A word-for-word copy is needed of the line containing "D4S Чорний 5" and every line after it through the end of the records below, leaving out all pictures.

___

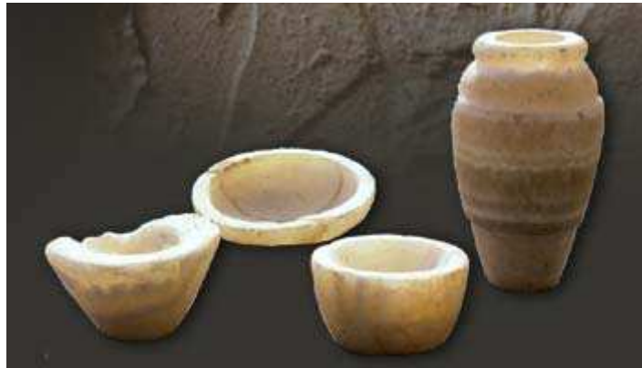
Vase et coupelles miniatures.
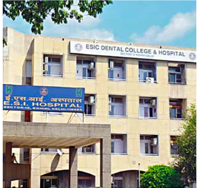
क.रा.बी.निगम दंत चिकित्सा महाविद्यालय, रोहिणी, दिल्ली पाठ्यक्रम का आरंभ: 2010-11 {50 बीडीएस} प्रवेश संख्या में वृद्धि*: 2020-21* {62 बीडीएस}
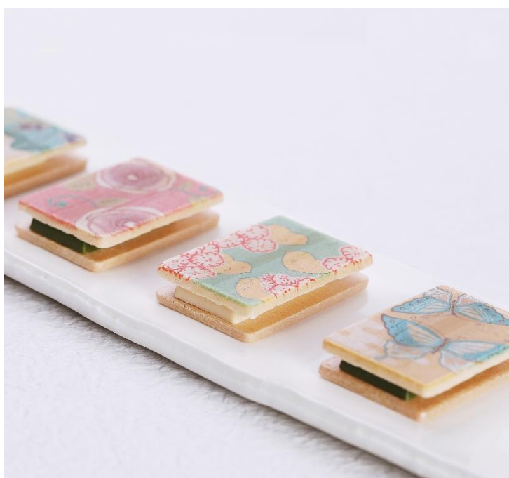
心よせ 結 イメージ
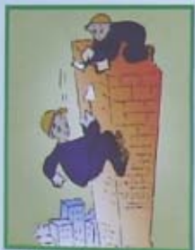
CÁM NGỒI XÂY TRÊN ĐỈNH TƯỜNG
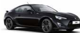
D4S Чорний 5
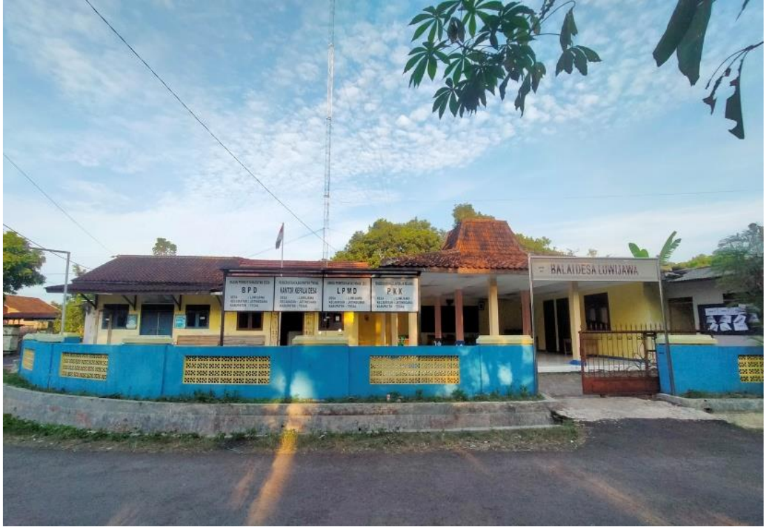
Gambar Kantor Balai Desa Luwijawa
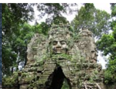
gammel Maya sivilisasjon
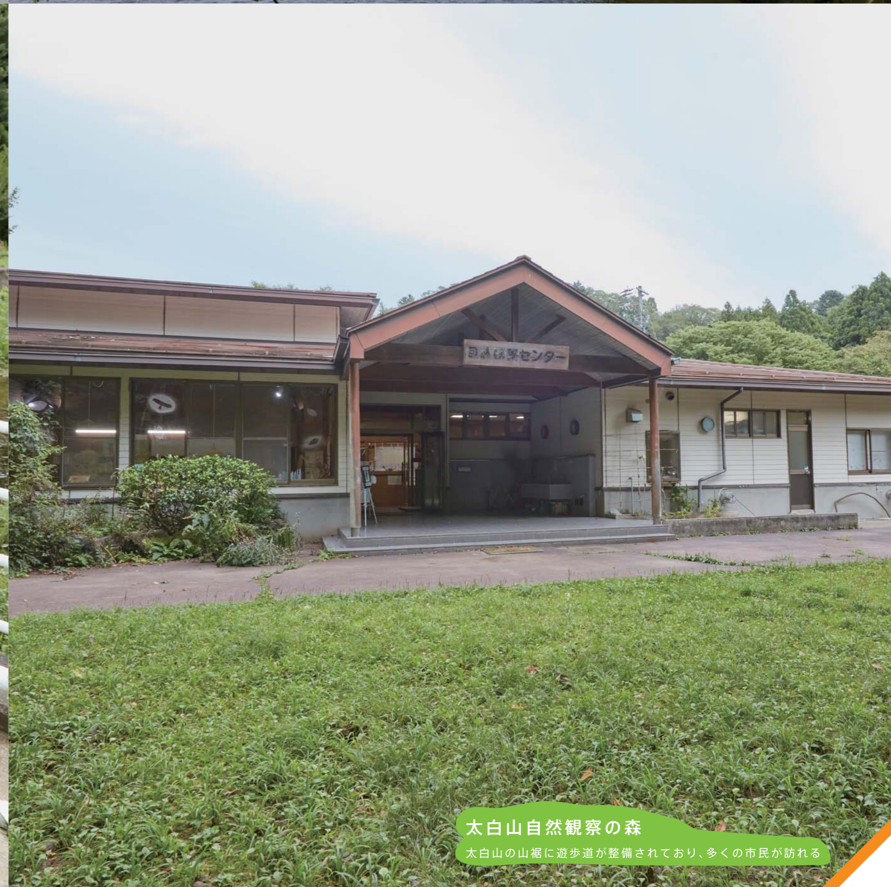
太白山自然観察の森 太白山の山裾に遊歩道が整備されており、多くの市民が訪れる
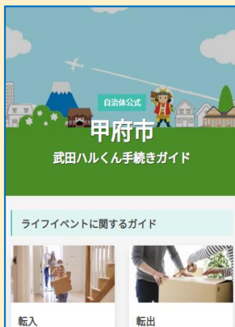
▲手続きの種類を選択
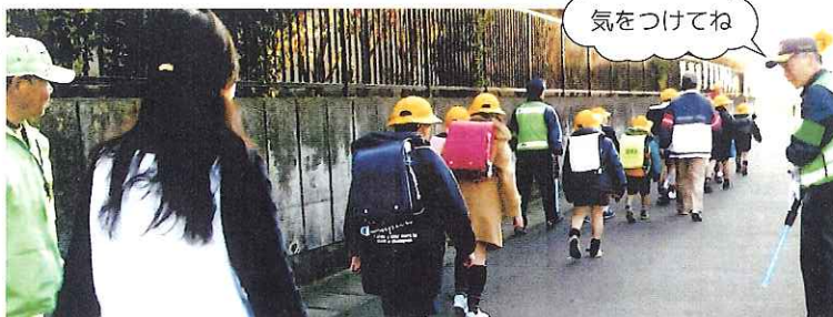
「子どもを守る会」の皆さん

___

Written answer →
D4S Чорний 5
Gambar Kantor Balai Desa Luwijawa
gammel Maya sivilisasjon
太白山自然観察の森 太白山の山裾に遊歩道が整備されており、多くの市民が訪れる
▲手続きの種類を選択
「子どもを守る会」の皆さん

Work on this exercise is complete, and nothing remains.